Why doesn't this type-check in Haskell?

The problem is that when you say

defaultEither _ b = b

you're saying that the output value b is the same as the second input value. And that's only possible if the values have the same type. But you've told the compiler that the input has type Either b c, while the output has type Either a c. These are different types, so no wonder the compiler complains.

I understand what you are trying to do - but even though a value Right x (with x of type c) on its own can be of type Either d c for any d, your type signature constrains the input and output values to versions with different ds. And that means you can't use the same variable to refer to both values.

Let's try an even simpler example:

data Foo x = Bar

foobar :: Foo a -> Foo b
foobar f = f

Take a look at the definition of Foo. There's a type variable on the left-hand side (x), which never actually appears anywhere on the right-hand side. This is an example of a so-called "phantom type variable". There's a type in the type signature which doesn't actually correspond to the type of anything in the actual value. (And this is perfectly legal, by the way.)

Now if you have the expression Just True, then since True :: Bool, then Just True :: Maybe True. However, the expression Nothing is definitely a Maybe something. But with no actual value present, there's nothing to force it to be any specific maybe-type. The type variable is phantom in this case.

We have a similar thing here; Bar :: Foo x, for any x. So you would think that our definition of foobar is legal.

And you would be wrong.

You cannot pass a value of Foo a where a value of type Foo b is expected, even if they have exactly the same run-time structure. Because the type checker doesn't care about the run-time structure; it only cares about types. As far as the type checker is concerned, Foo Int is different to Foo Bool, even though at run-time there's no observable difference.

And that is why your code is rejected.

In fact, you have to write

foobar :: Foo a -> Foo b
foobar Bar = Bar

to let the type checker know that the Bar you're outputting is a new, different Bar than the one you received as input (and hence it can have a different type).

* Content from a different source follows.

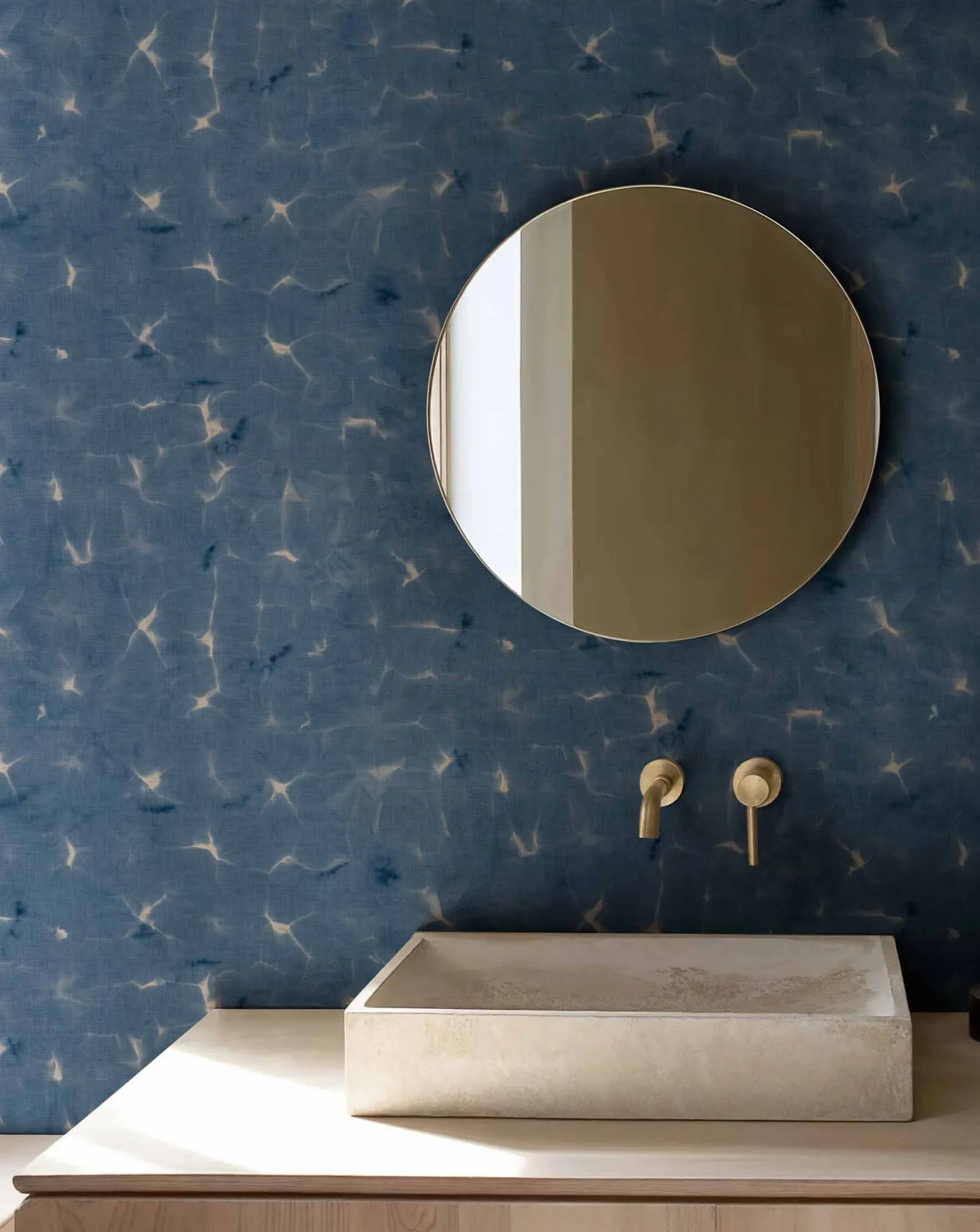 Kanoko Indigo de Coordonné es un diseño Texturas en azul/azul marino de la colección Shibori. Formas enigmáticas que emergen de la niebla.

Believe it or not, this is actually a feature, not a bug. You can write code that makes it so that (for example) Foo Int behaves differently than Foo Char. Even though at run-time they're both just Bar.

The solution, as you have discovered, is to just take your value b out of Right and then immediately put it back in again. It seems pointless and silly, but it's to explicitly signal to the type checker that the types have potentially changed. It's perhaps annoying, but it's just one of those corners of the language. It's not a bug, it's purposely designed to work this way.

an Either a c type can only be...

Indeed, but in your first example, the value b does not have type Either a c! As your type signature proves, it has type Either b c. And of course, you cannot return an Either b c where an Either a c is expected. Instead, you must destructure the value and reconstruct it with the right type.

an Either a c type can be only Left (x::a) or Right (y::c), if it isn't Left then it is Right, and we know that Right :: b -> Either a b so Right (y::c) :: Either a c.

I think you are confusing type constructors with data constructors. Either is defined like this in ghc-base:

data  Either a b  =  Left a | Right b

Either is a type constructor with two abstract variables. i.e. it takes any two types (Int, String, etc). and constructs a concrete type like Either Int String.

Left and Right on the other hand are data constructors. They take actual values like 1, "hi" and construct values like Left 1 and Right "hi".

Prelude> :t Left
Left :: a -> Either a b
Prelude> :t Right
Right :: b -> Either a b

Haskell type inference does not work with values (Left and Right). It only works on types (Either). So the type checker only knows about Either b c and Either a c - so in the first case the variables don't match.